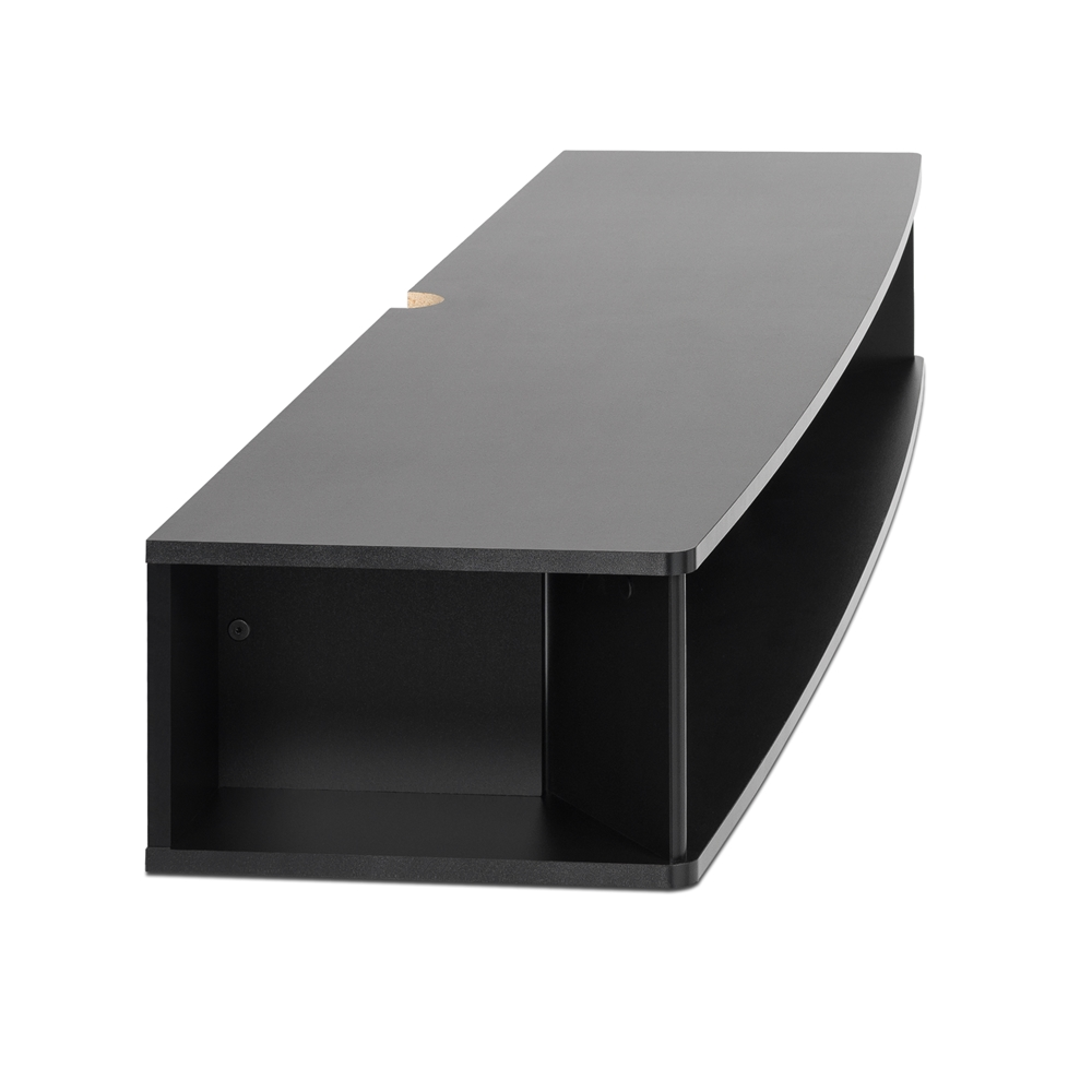 - TV stand mounts easily to wall with the Prepac innovative hanging rail system.
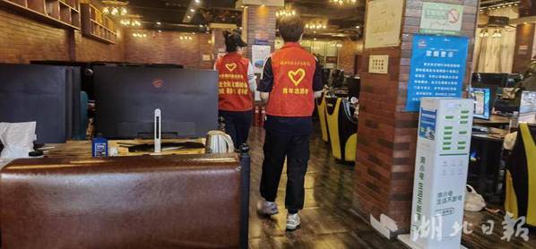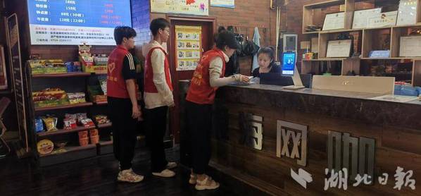 湖北日报客户端讯(通讯员吴若昀)7月12日,黄石市黄石港区覆盆山社区工作人员与玩球网页版的大学生志愿者在辖区网吧开展“扫黄打非”宣传活动。
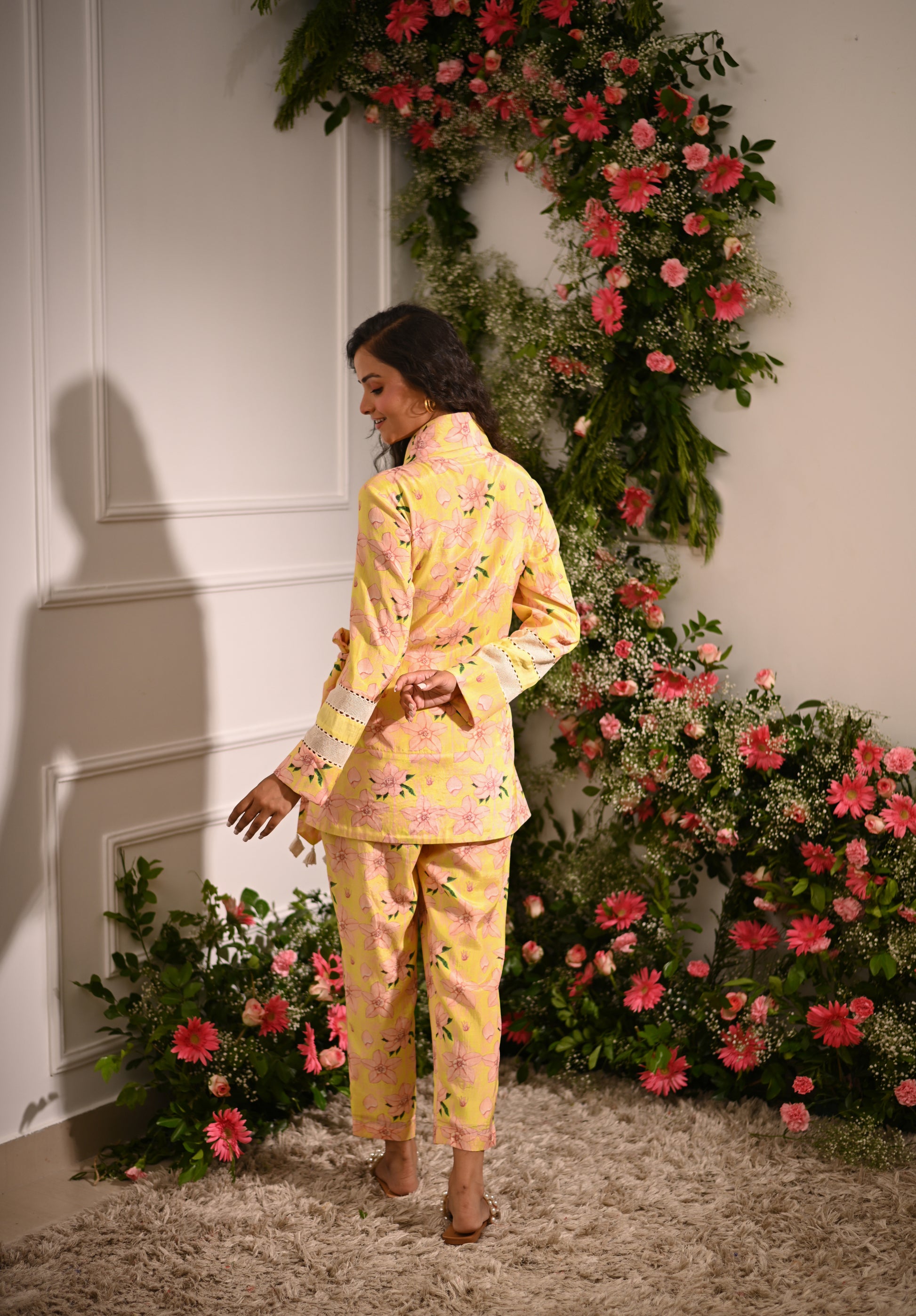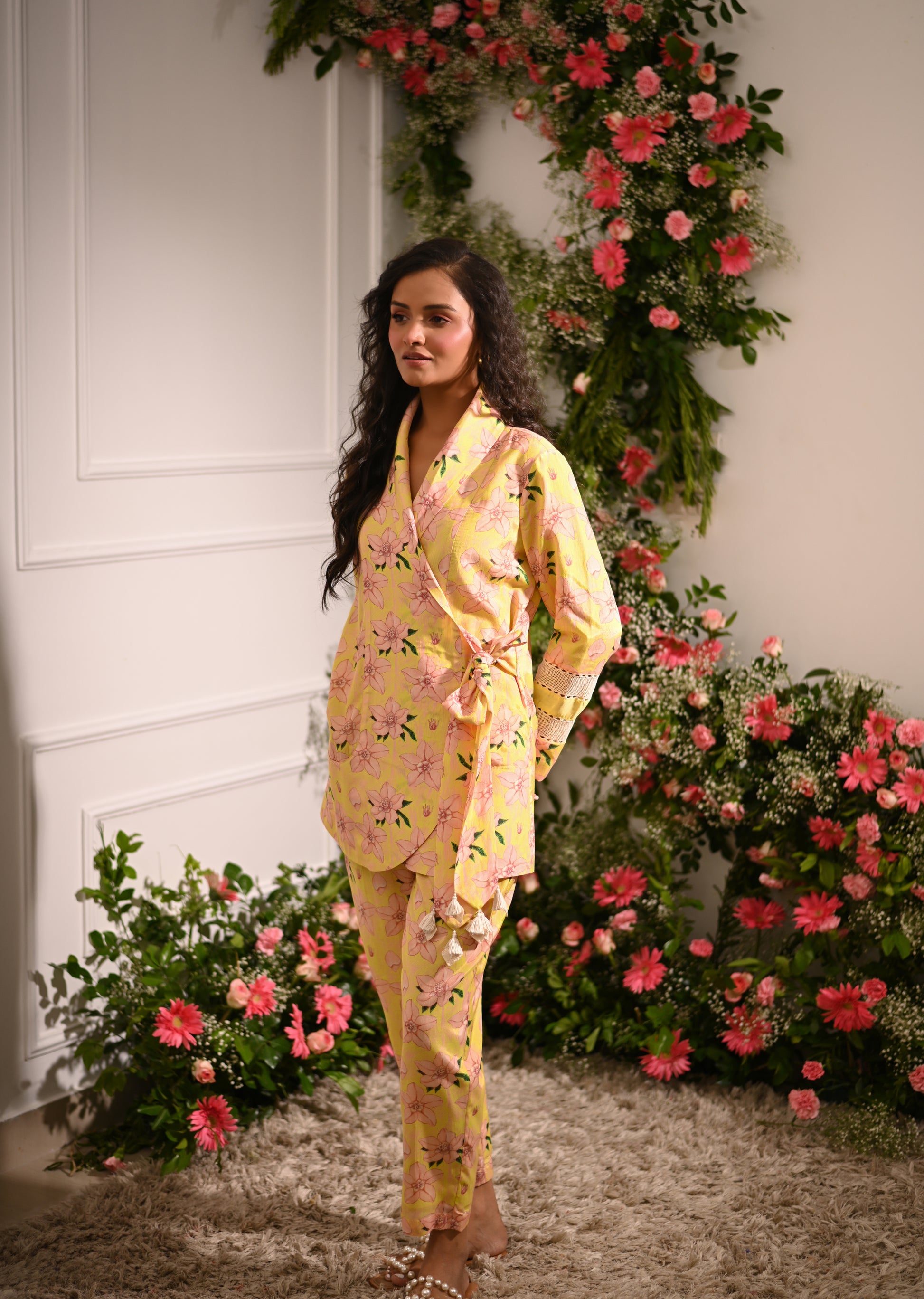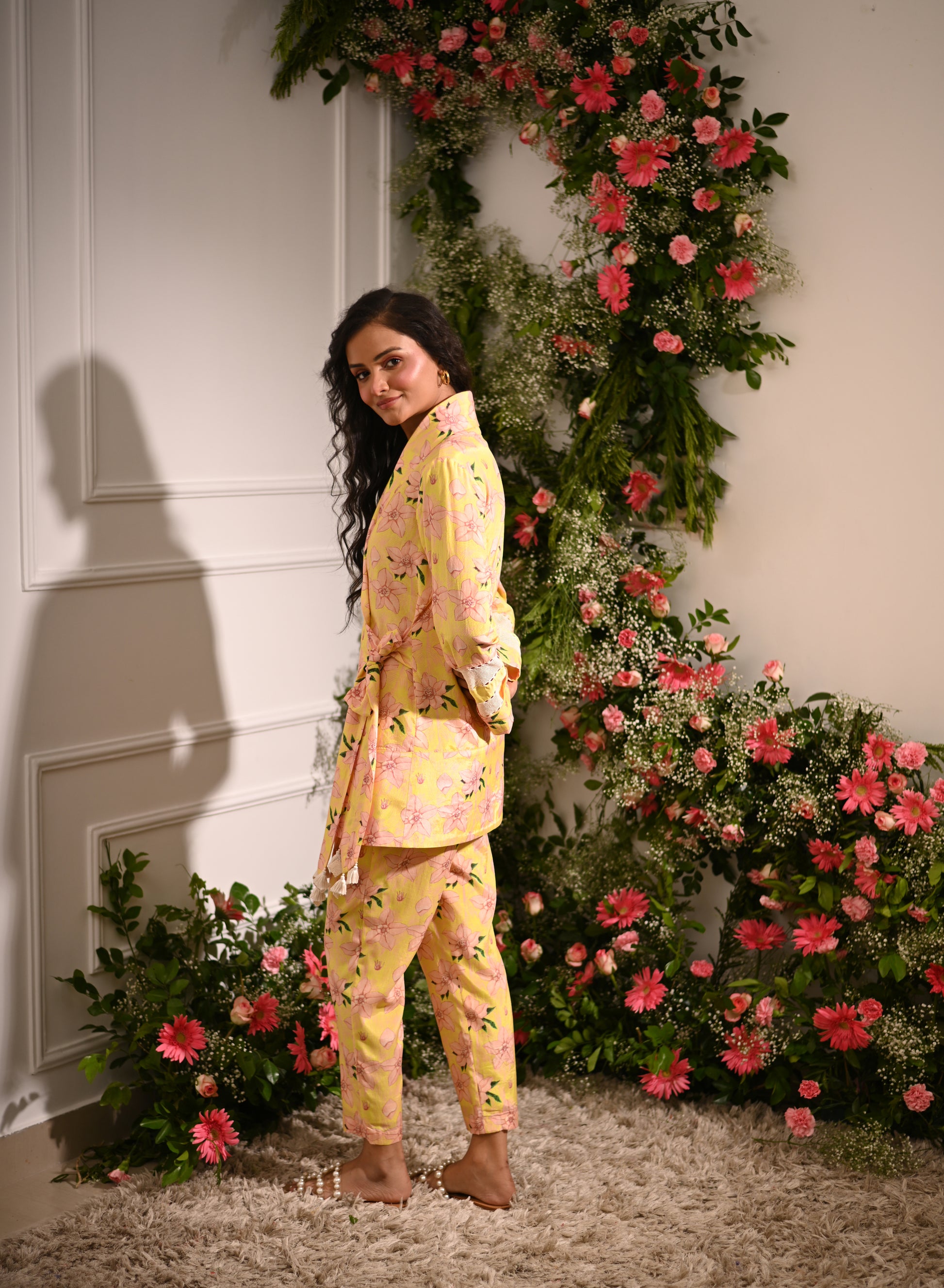 Our Orientalis Co-ord Set, crafted with exquisite detailing, offers a chic and elegant look. This set features a printed lightweight wrap shacket adorned with lace and handmade tassel detailing, paired with tapered hem trousers featuring a half-elastic waistband. The full sleeves and vibrant butter yellow colour enhance the sophisticated appeal of this ensemble.
· · · · ·
- **PROBLEM**
Omit the pictures, then output the rest of the listing exactly.

- **RESPONSE FOR THIS EXERCISE**
 - TV stand mounts easily to wall with the Prepac innovative hanging rail system.
 湖北日报客户端讯(通讯员吴若昀)7月12日,黄石市黄石港区覆盆山社区工作人员与玩球网页版的大学生志愿者在辖区网吧开展“扫黄打非”宣传活动。
 Our Orientalis Co-ord Set, crafted with exquisite detailing, offers a chic and elegant look. This set features a printed lightweight wrap shacket adorned with lace and handmade tassel detailing, paired with tapered hem trousers featuring a half-elastic waistband. The full sleeves and vibrant butter yellow colour enhance the sophisticated appeal of this ensemble.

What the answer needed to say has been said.